A study on the AMACR catalysed elimination reaction and its application to inhibitor testingElectronic supplementary information (ESI) available: 1H NMR spectra of synthesised compounds; details of X-ray crystal structure determination of compound 35; original data for Table 1; plots of fluorescence resulting from reaction of sensors 33 and 34 with fluoride solutions. CCDC 1408401. For ESI and crystallographic data in CIF or other electronic format see DOI: 10.1039/c5ob01541c

α-Methylacyl-CoA racemase (AMACR; P504S) catalyses a key step in the degradation of branched-chain fatty acids and is important for the pharmacological activation of Ibuprofen and related drugs. Levels of AMACR are increased in prostate and other cancers, and it is a drug target. Development of AMACR as a drug target is hampered by lack of a convenient assay. AMACR irreversibly catalyses the elimination of HF from 3-fluoro-2-methylacyl-CoA substrates, and this reaction was investigated for use as an assay. Several known inhibitors and alternative substrates reduced conversion of 3-fluoro-2-methyldecanoyl-CoA by AMACR, as determined by 1 H NMR. The greatest reduction of activity was observed with known potent inhibitors. A series of novel acyl-CoA esters with aromatic side chains were synthesised for testing as chromophoric substrates.
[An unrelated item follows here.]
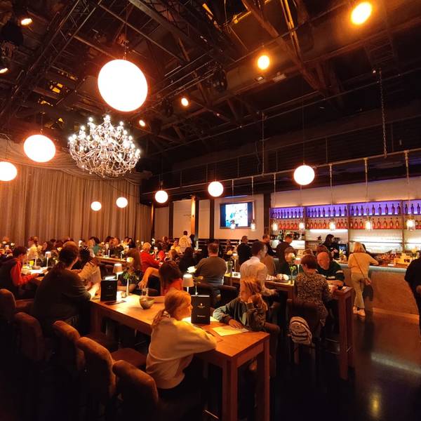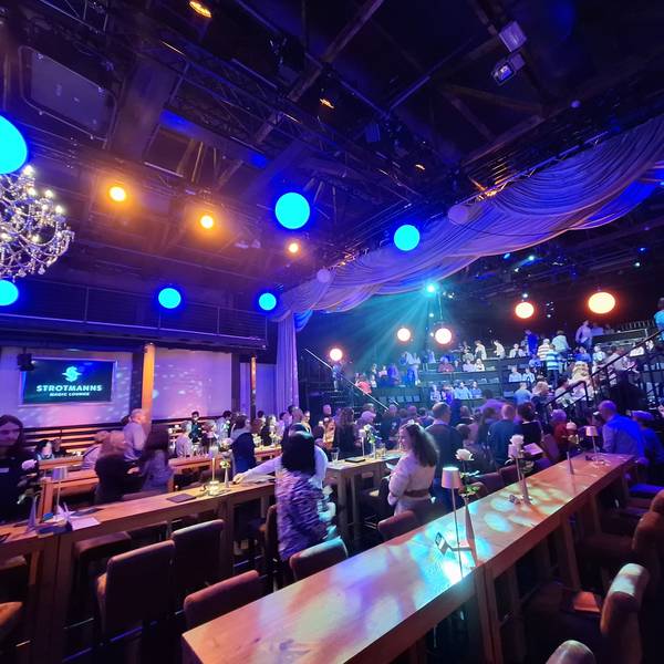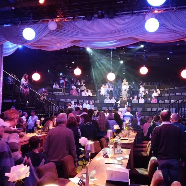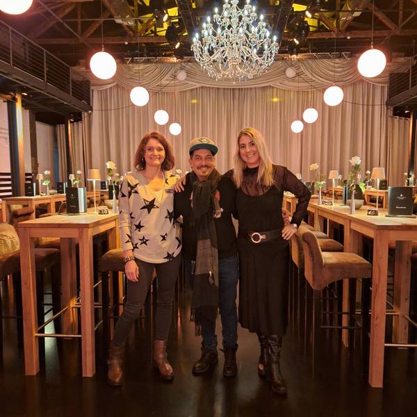 Der Abend begann in entspannter Atmosphäre mit leckerem Fingerfood von L-Catering aus Esslingen und passenden Drinks. Dann wurde es spannend, alle Lampen begannen sich über den Köpfen zu bewegen und das Staunen war groß, als der Vorhang zum eigentlichen Theaterraum fiel.
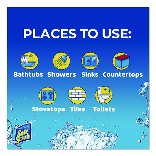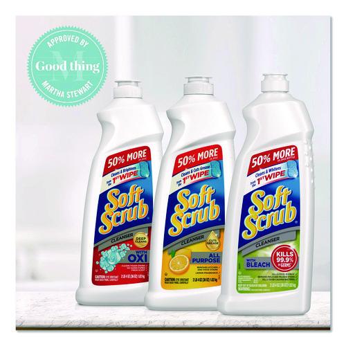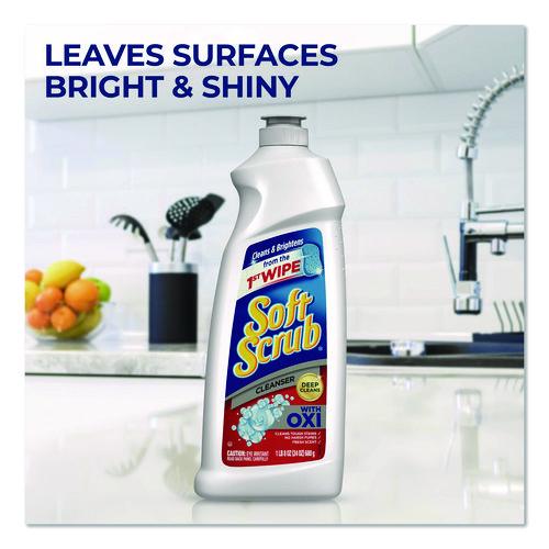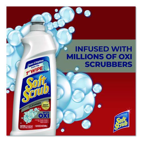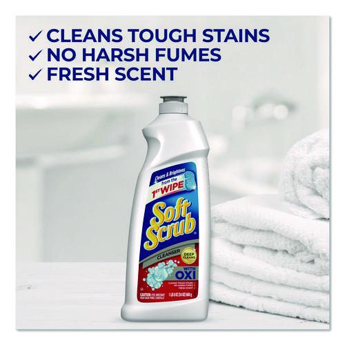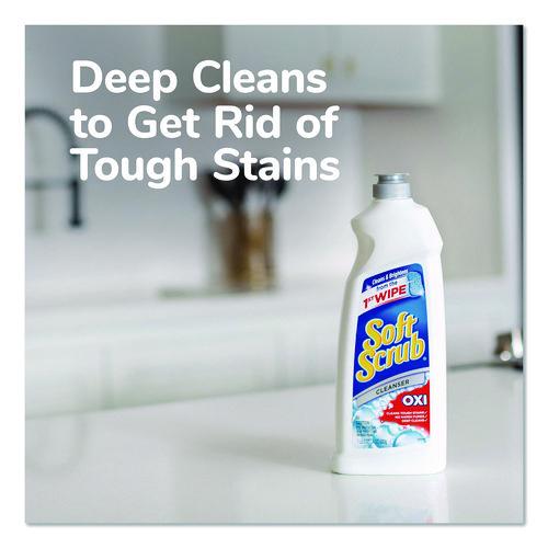 Cleanser is infused with millions of Oxi scrubbers that activate while you clean. Eliminates dirt, soap scum and mildew stains and keeps glass sparkling. Soft Scrub® Oxi Cleanser gives you a deep clean by penetrating the stain, resulting in a shiny clean surface. Cuts through whatever you can cook up, including kitchen grease, oil and grime. Safely cleans most countertops without scratching. Formulated for use on surfaces throughout the kitchen and bathroom, cleanser removes wine coffee, juice, and tea stains as well as many other stains. Makes grout cleaning easy and leaves tiles gleaming. Keeps toilets sparkling clean.

These acyl-CoA esters were converted to unsaturated products by AMACR, but their use was limited by non-enzymatic elimination. Fluoride sensors were also investigated as a method of quantifying released fluoride and thus AMACR activity. These sensors generally suffered from high background signal and lacked reproducibility under the assay conditions. In summary, the elimination reaction can be used to characterise inhibitors, but it was not possible to develop a convenient colorimetric or fluorescent assay using 3-fluoro-2-methylacyl-CoA substrates. The elimination of fluoride from 3-fluoro-2-methylacyl-CoA substrates by α-methylacyl-CoA racemase (AMACR 1A; P504S) was investigated as a method for determining enzyme activity and inhibitor potency.